In the mid-1970s, a group of men in St. Louis, Missouri, found a common cause in their outrage over abuse that women they were close to had suffered, in some cases at their own hands. They decided that if violence to women was going to stop, it would have to start with the men in their lives and, in particular, with themselves.

They began by approaching a St. Louis women’s organization called the Women’s Self-Help Center and asked for help and training in understanding the nature of domestic violence. After this educational journey, they formed RAVEN, an education and self-help program for men who battered women and others. RAVEN’s mission is education in nonviolence. More specifically, their mission statement reads: “. . . to foster peaceful relationships, families, and communities by increasing self-awareness, challenging abuse and control, teaching alternative behaviors, and promoting personal responsibility.”
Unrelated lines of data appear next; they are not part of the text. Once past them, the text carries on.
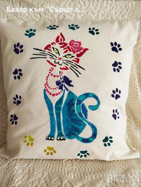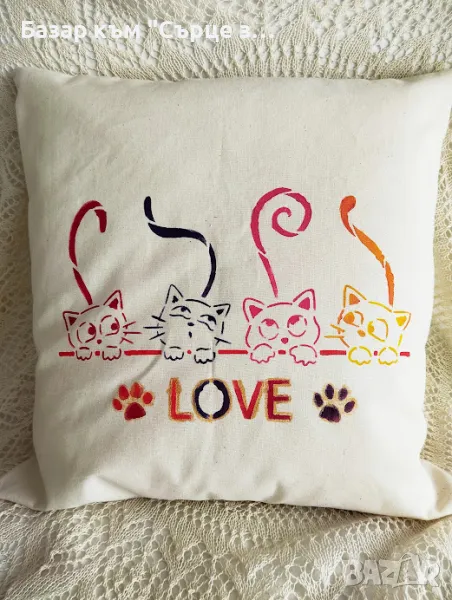 Снимка 5 и 6 Котки върху памучна калъфка за възглавница - 20 лв; 41 х 41 см. Пране на 30 градуса, гладене от обратната страна
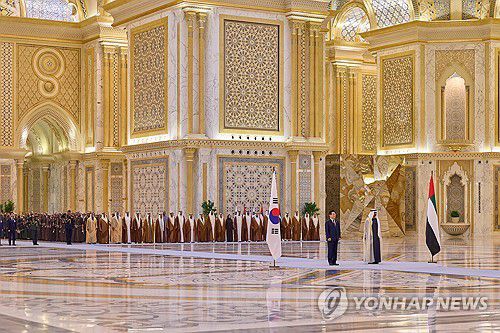 (아부다비=연합뉴스) 김도훈 기자 = 이재명 대통령과 무함마드 빈 자이드 알 나흐얀 아랍에미리트(UAE) 대통령이 18일(현지시간) 아부다비 대통령궁에서 열린 국빈방문 공식 환영식에 참석해 있다. 2025.11.18 [공동취재 제공. 재판매 및 DB 금지] superdoo82@yna.co.kr ▶제보는 카카오톡 okjebo ▶연합뉴스 앱 지금 바로 다운받기
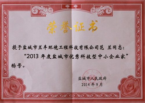 9月20日,盐城市科技创新奖励大会隆重召开。盐城市委书记、市人大常委会主任朱克江出席并讲话。市委副书记、代市长王荣平主持。市委常委、常务副市长戴元湖宣读表彰奖励决定。此次会议,兰丰环保董事长范兰被授予“2013年度盐城市优秀科技型中小企业家”荣誉称号。
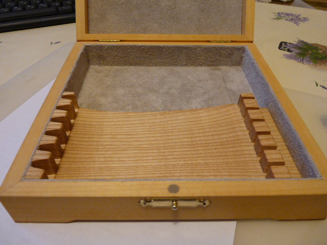Попробовал сделать вкладыш из ясеня, в данном случае, для своей коробки, купленной в хобби-центре когда-то, кажется (на первом фото - то, что было "до того, как...").
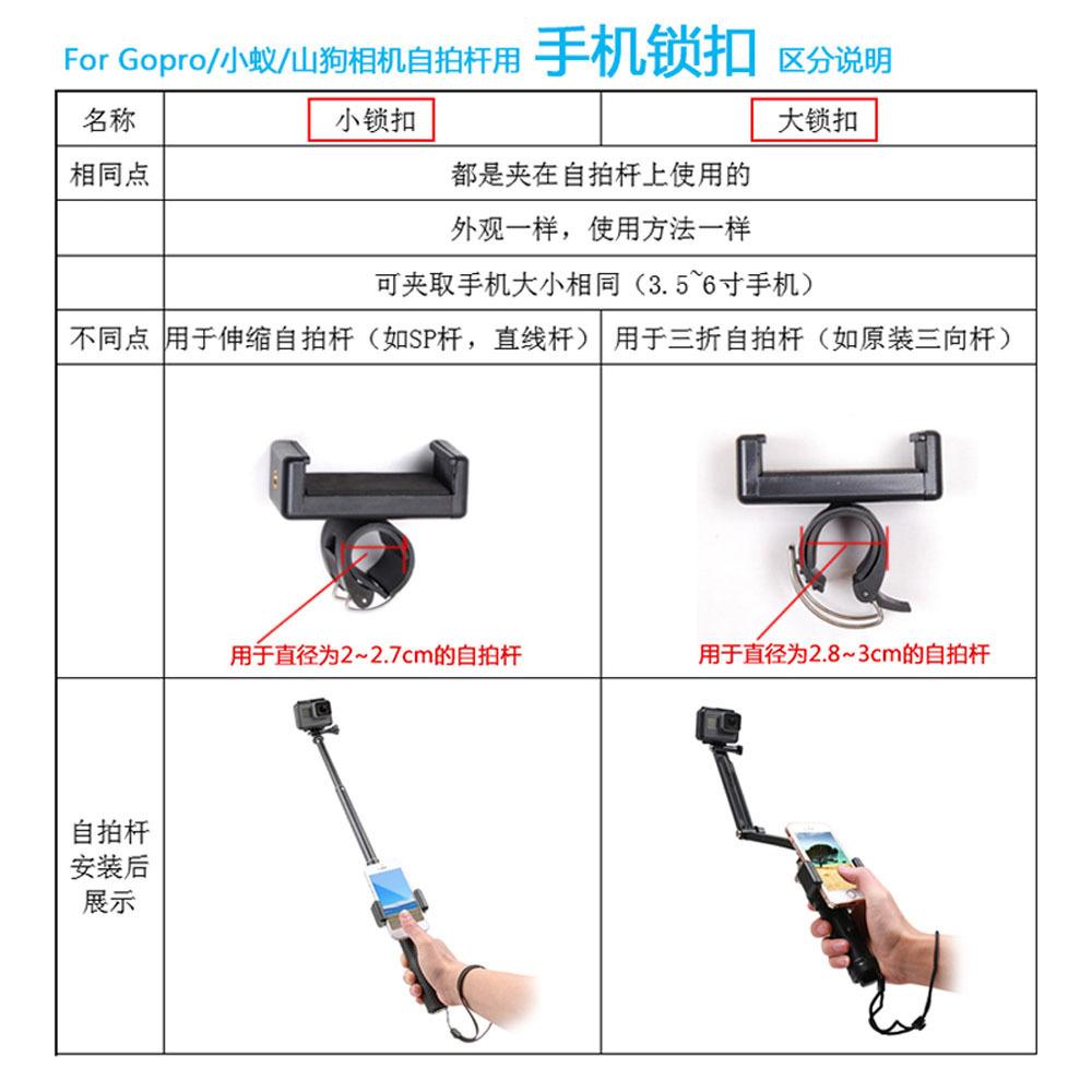 gopro varilla de tres vías soporte de cabeza de metal fijo control remoto hebilla para teléfono móvil instalación palo selfie de tres vías control remoto
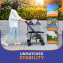 - BUILT TO LAST - The pet double stroller is crafted with premium quality, breathable & long-lasting material. With a heavy duty aluminum frame, all terrain wheels, leather push handle, safety tether, anti-shock stabilizers, a safety belt for secure riding, waterproof carrier pads, every walk feels like gliding on air.
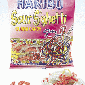 Haribo Sour S’ghetti is unlike any pasta you have ever eaten! Don’t worry, you won’t need to twirl these noodles on a fork. They are enjoyed cool and can be picked up by hand. Each bag features a generous collection of wiggly, wobbly slender lengths that are similar to classic spaghetti.
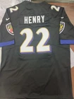 Show your support for the Baltimore Ravens with this black stitched football jersey featuring the number 22 and the name Derrick Henry. Made by Nike, this jersey is perfect for any fan of the National Football League (NFL) and the team. It is a size small and has never been worn, making it an ideal addition to any collection of sports memorabilia. The jersey is designed for men and features the team's colors of black and yellow. Get ready to cheer on the Baltimore Ravens with this stylish and comfortable jersey.
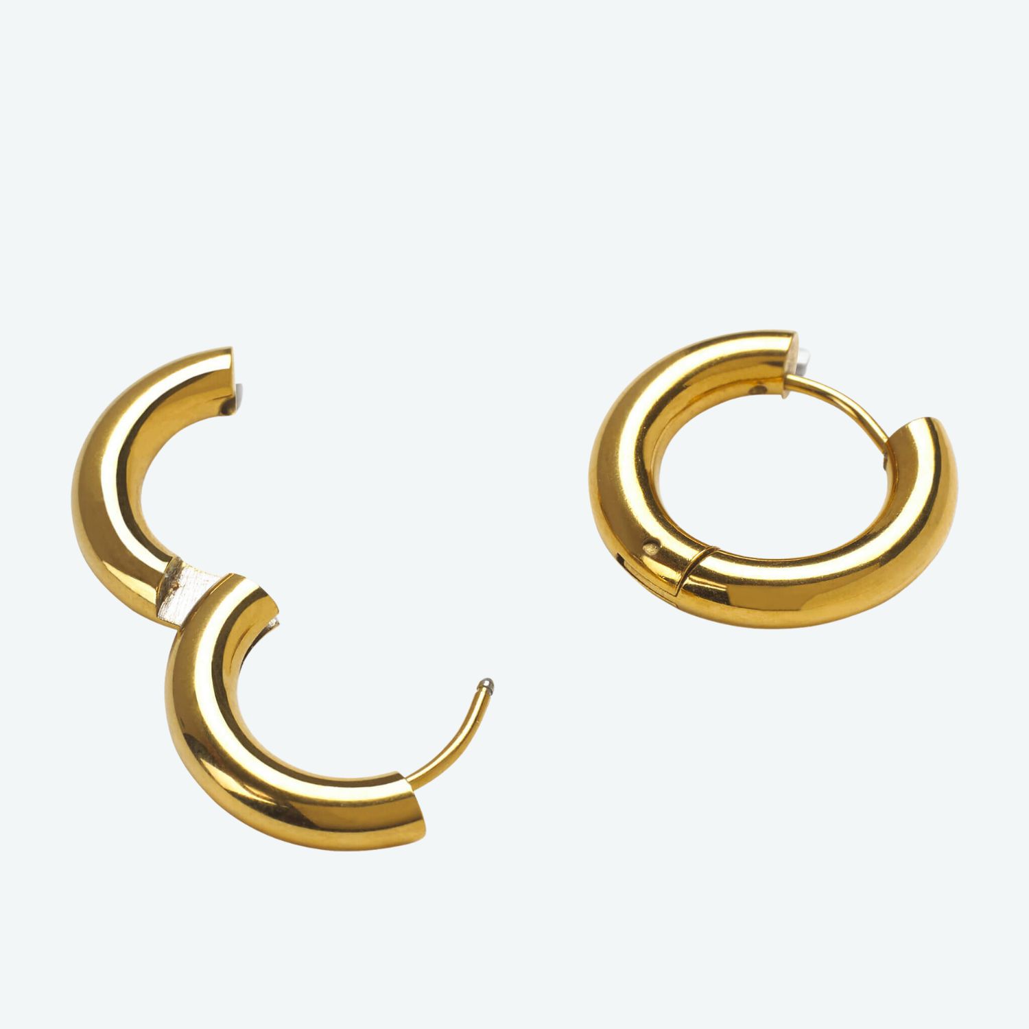 These hoops are 18kt gold-plated stainless steel and are 8mm in diameter.
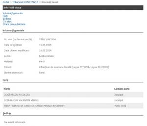 Amintim că pe 16 mai 2024, pe rolul Secției penale a Tribunalului Constanța a fost înregistrat dosarul cu numărul unic 3370/118/2024, cu obiect „infracţiuni de evaziune fiscală”.
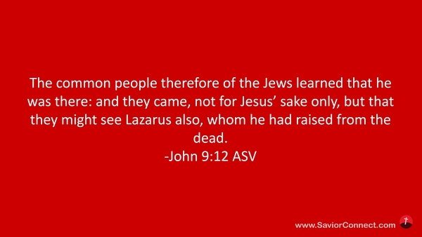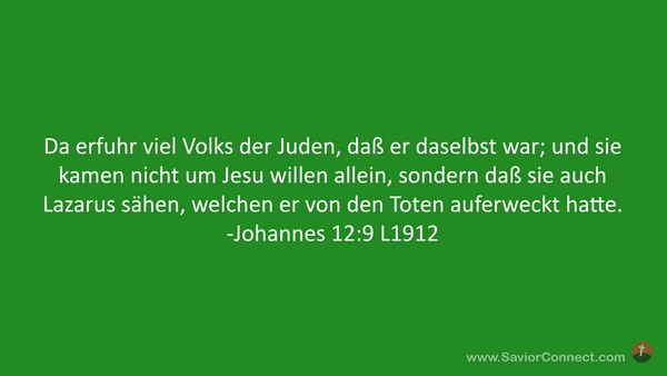 Da erfuhr viel Volks der Juden, daß er daselbst war; und sie kamen nicht um Jesu willen allein, sondern daß sie auch Lazarus sähen, welchen er von den Toten auferweckt hatte. -Johannes 12:9 L1912
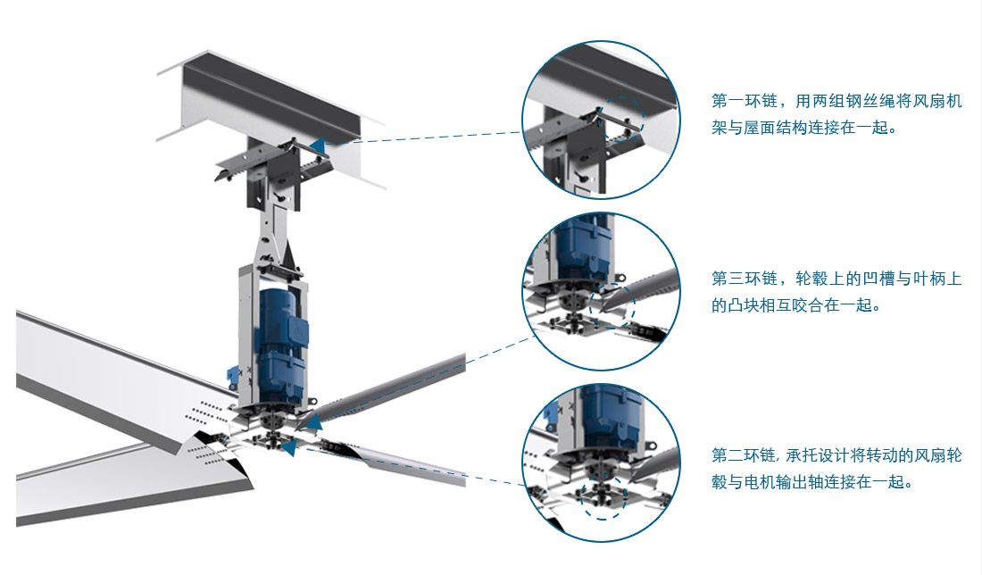 朗旗用三個相互獨立的安全環(huán)鏈設(shè)計保障超大吊扇的使用安全。
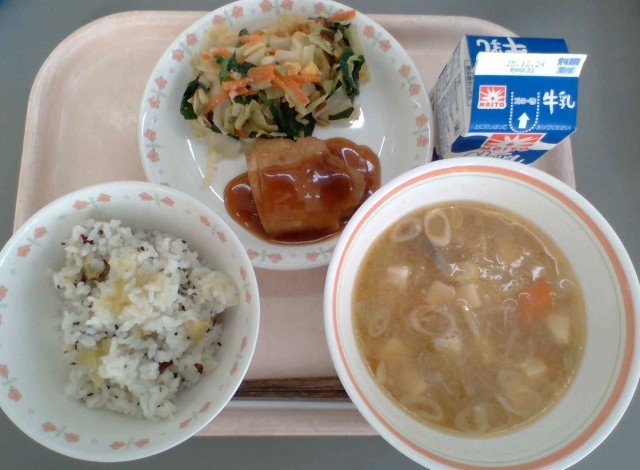 さつまいもごはん、鶏肉の照り焼き、キャベツの和え物、石狩汁、牛乳
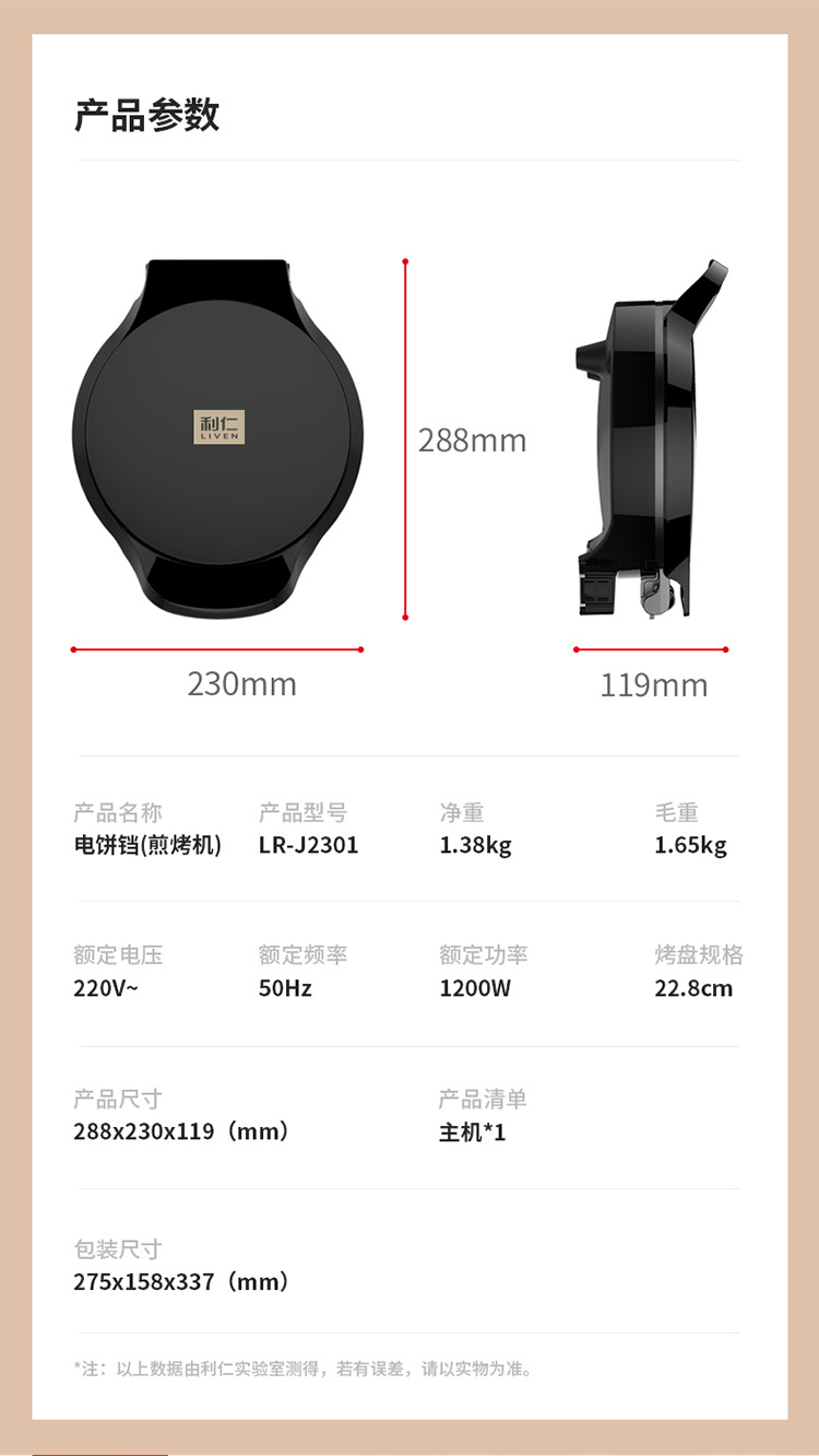 리렌 LR-J2301 전기 팬케이크 메이커 가정용 양면 가열 깊은 팬 논스틱 다기능 프라이팬 팬케이크 팬스토어 가기
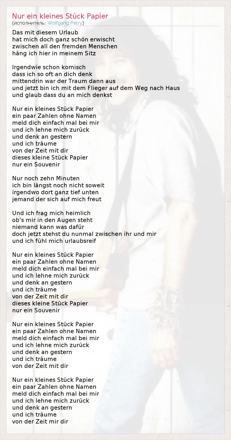 ГлавнаяИсполнителиWolfgang PetryNur ein kleines Stück Papier
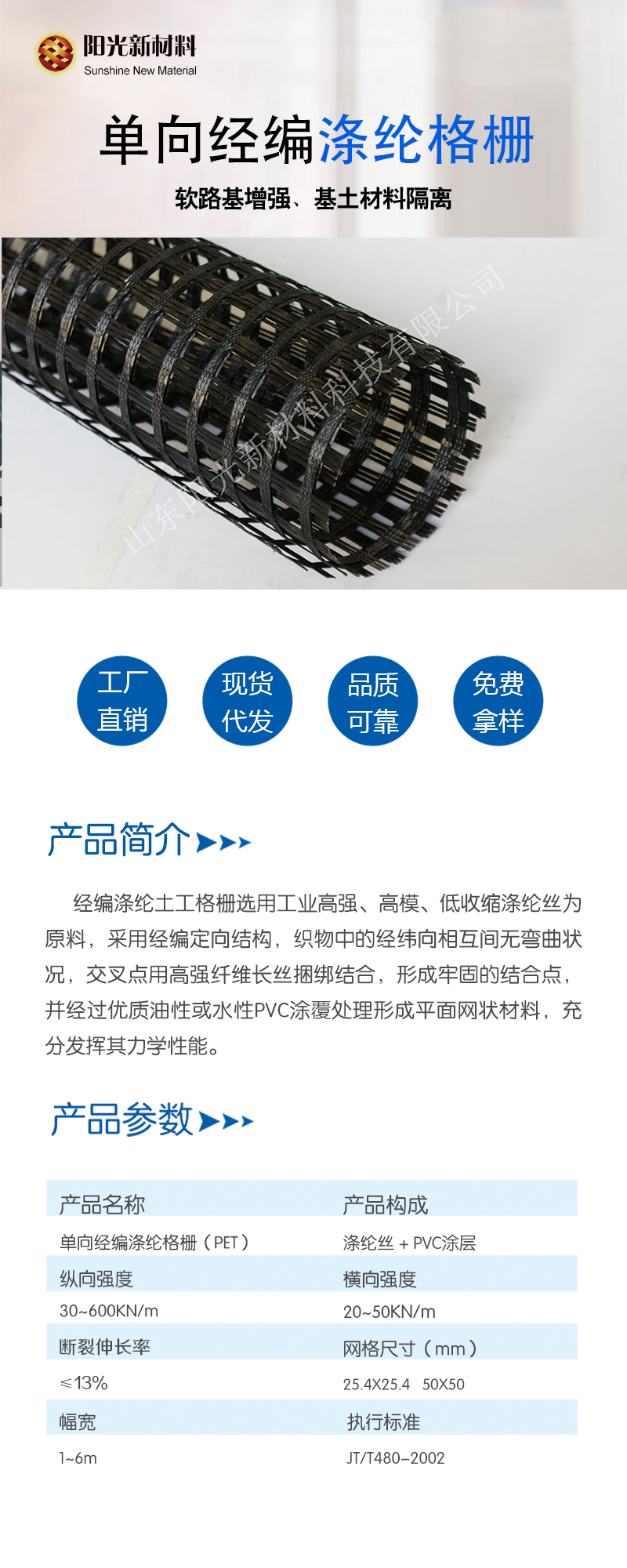 山东阳光新材料经编涤纶土工格栅凭借其出色的性能和广泛的适用性,在各类工程建设中扮演着不可或缺的角色。随着工程技术的不断发展,相信经编涤纶土工格栅将在未来的基础设施建设中发挥更大作用,为我们打造更加稳固、安全的生活环境。

When RAVEN first opened its doors in 1978, it was operated by men only. Sixteen years later, RAVEN became a nonprofit and women joined the staff as well. RAVEN holds the distinction of being the third oldest batterer intervention program in the United States, with programs that include the following:


·         Non-Violence Education Groups for Men/Batterers’ Intervention Program (BIP): 48-week curriculum for men who have been abusive or violent in intimate relationships; focuses on (1) understanding the ramifications of these behaviors and on (2) learning nonviolent alternatives


·         Violence Prevention Groups for Youth: 15-week curriculum teaching skills needed to prevent both the perpetration of violence as well as victimization; teaches youth about healthy relationships


·         Community Education: Provides training, consultations, and support to other organizations that request information on nonviolence


RAVEN partners with both Washington University and Webster University in research and communicates with and connects others to a wide variety of St. Louis chapters for domestic violence counseling and support, local human trafficking resources, legal advocacy centers that serve victims of domestic abuse, and shelter services and connects with other nonviolence education programs in the city.

In 2014, Michelle Bloyd-Fink and Emily Mason began a qualitative, longitudinal study that is collecting (and will continue to collect) anonymous journal data from volunteers in the BIP program well into 2015, 95% of whom were attending on a court mandate. Researchers created guided, journal prompts, the first two of which reflected each meeting’s opener:

1.       What are you feeling tonight?

2.       How have you been abusive, verbally violent, or physically violent in the past week?


Although this study will be ongoing for some time after this writing (well into 2015), researchers were able to gather enough to present an analysis of their findings thus far, which they presented at the 31st Annual Qualitative Analysis Conference in London, Ontario, on June 25, 2014. The conference was titled “The Social Construction of Boundaries: Creating, Maintaining, Transcending, and Reconstituting Boundaries.” In their presentation, “Thought Pattern Changes in Participants of a Batterer’s Intervention Program,” Bloyd-Fink and Mason shared their findings on how men who batter can reconstruct physical and emotional boundaries over time.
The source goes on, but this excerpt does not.